EN RÉSIDENCE DU 19 mars au 30 avril 2023

AUDREY BEAULÉ

Comme un ruisseau tranquille.

À la mi-mars, pendant qu’une neige mouillée tombait doucement sur le village de Frelighsburg, Adélard recevait Audrey Beaulé, la première personne en résidence de la saison 2023. Par respect pour sa position identitaire, je lui demande de m’apprendre les rudiments de l’écriture inclusive, exercice pas toujours évident avec les adjectifs, les conjugaisons et une langue française particulièrement genrée. Iel me donne des exemples : «Auteur», qui avec le mouvement féministe est devenu « autrice » se dit « auteurice » pour les non binaires. De façon naturelle, toute en simplicité et en gentillesse, Audrey me parle de pluralité, de tolérance, mais aussi d’art et de littérature, de ses nouveaux voisins de palier, du Beat&Betterave où iel aime déjà aller y prendre son café.

Le-la plus jeune de nos artistes à ce jour, un bac en design graphique, puis une maîtrise en arts visuels et médiatiques de l’UQAM tout juste complétée, c’est iel qui inaugure l’atelier de Dunham, un tout nouvel espace temporaire qui s’ajoute à la grange Adélard. Pour se rendre au 2e étage du bâtiment patrimonial Le Relais de la Diligence, au-dessus de la Brasserie Dunham, Audrey voyage sac à dos sur l’épaule et pouce levé. Il y a toujours quelqu’un qui s’arrête pour l’emmener d’un village à l’autre. En ouvrant la portière, avant d’entrer, iel se penche et s’adresse au chauffeur: « Bonjour ! Vous allez bien ? » dit-iel avec sa voix douce et apaisante comme un ruisseau tranquille. En chemin, elle ne manque pas l’occasion de les inviter à son exposition prévue cet automne à l’église Bishop de Frelighsburg. Pour cette exposition, Audrey poursuit sa réflexion sur l’histoire de l’abstraction au Québec et sa résonnance avec le mouvement queer: « L’abstraction, tout comme la théorie queer, s’émancipe des frontières établies» résume t-iel avec assurance. Pour souligner les 75 ans de Refus global, Audrey a choisi dans la prestigieuse collection de Loto-Québec, une quinzaine d’œuvres d’artistes qui ont signé le fameux manifeste. D’autres artistes contemporain·es, dont l’approche artistique fait écho à cette effervescence des années 50, seront aussi intégrés à l’exposition nommée il existe de ces feux intérieurs qui illuminent des continents. Le titre évoque la passion, la fougue, la vitalité que l’on porte en soi au moment de la création et qui, parfois, rejaillit sur le reste du monde. Inspiré·e par ces artistes libres et audacieux qui ont exploré de nouveaux territoires, repoussé les limites de l’expression figurative pour les faire basculer du côté de l’abstraction, iel présentera également quelques-unes de ses œuvres, grandes fresques lumineuses. À genoux sur le plancher en bois de l’atelier, équipé·e de genouillères, crayons de couleur à portée de main, deux grandes toiles fixées au sol, iel passe de l’une à l’autre selon son humeur. Avec des gestes posés, patients, iel dessine de petits traits fins; on dirait des plumes ou des feuilles de saule muées par une brise. Animé·e d’une ferveur discrète, d’un désir profond de suivre son propre chemin malgré vents et marées, la création est son équilibre. C’est aussi un lieu intérieur où iel a trouvé asile. L’une des toiles est terminée. L’ensemble est doux, fluide, harmonieux.
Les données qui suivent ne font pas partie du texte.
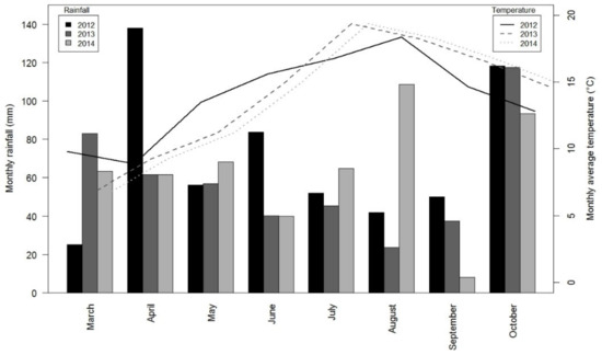 Monthly rainfall and mean air temperature from March-October for the 3 years of the experiment.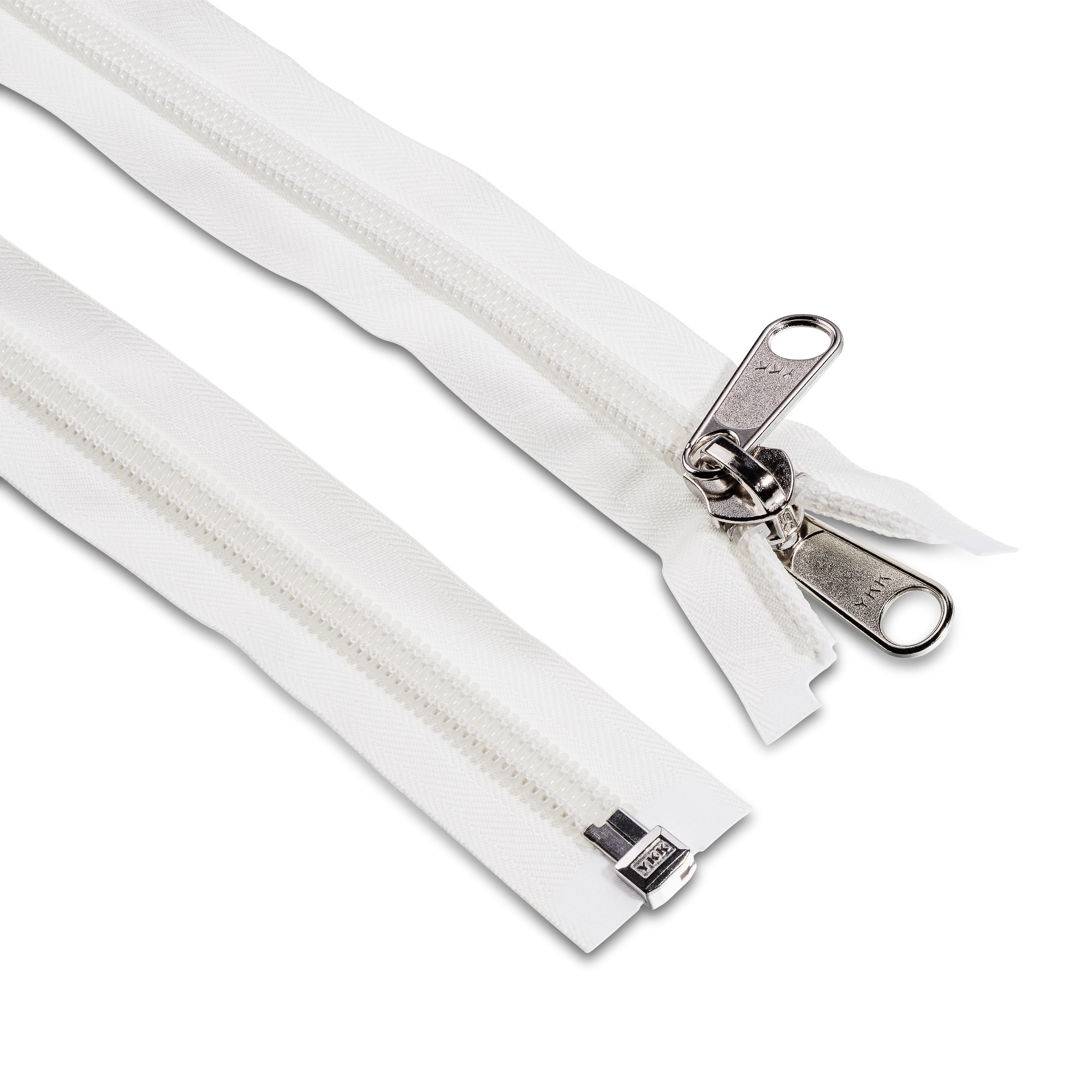 11115 - Reissverschluss YKK. L= 240 cm. teilbar. weiss 10 er Kette mit Doppelschieber. vernickelt

Artiste multidisciplinaire; poète, photographe, designer graphique, peintre, bédéiste, iel aime particulièrement l’écriture, le livre sous toutes ses formes. En 2020, Audrey publie La vingt, un récit émouvant qui raconte la traversée parfois houleuse et compliquée du passage à l’âge adulte. Iel reçoit le Prix Réal-Fillion 2020 pour cette bande-dessinée autofiction. Avec ses propres codes du design graphique, de l’écriture et de l’impression, iel signe le contenu et la mise en page d’un journal conçu expressément pour l’exposition Loto-Québec. Iel y décrit sa démarche, explique le choix des toiles sélectionnées pour l’exposition et le lien qu’elles ont avec la réalité d’aujourd’hui. Iel partage pensées et poésies, publie dessins et fragments de ses œuvres. Espace de liberté, d’interrogation, de réflexion et de résistance, cette « autoédition » est une oeuvre en soi. Elle sera offerte gratuitement aux visiteurs à l’entrée de l’église, dans différents lieux au village et dans les environs. L’accessibilité, le lien avec les autres, fait partie de sa pratique artistique. L’inclusion n’est pas qu’un mot à la mode pour Audrey Beaulé, mais une façon de vivre, de comprendre le monde autrement.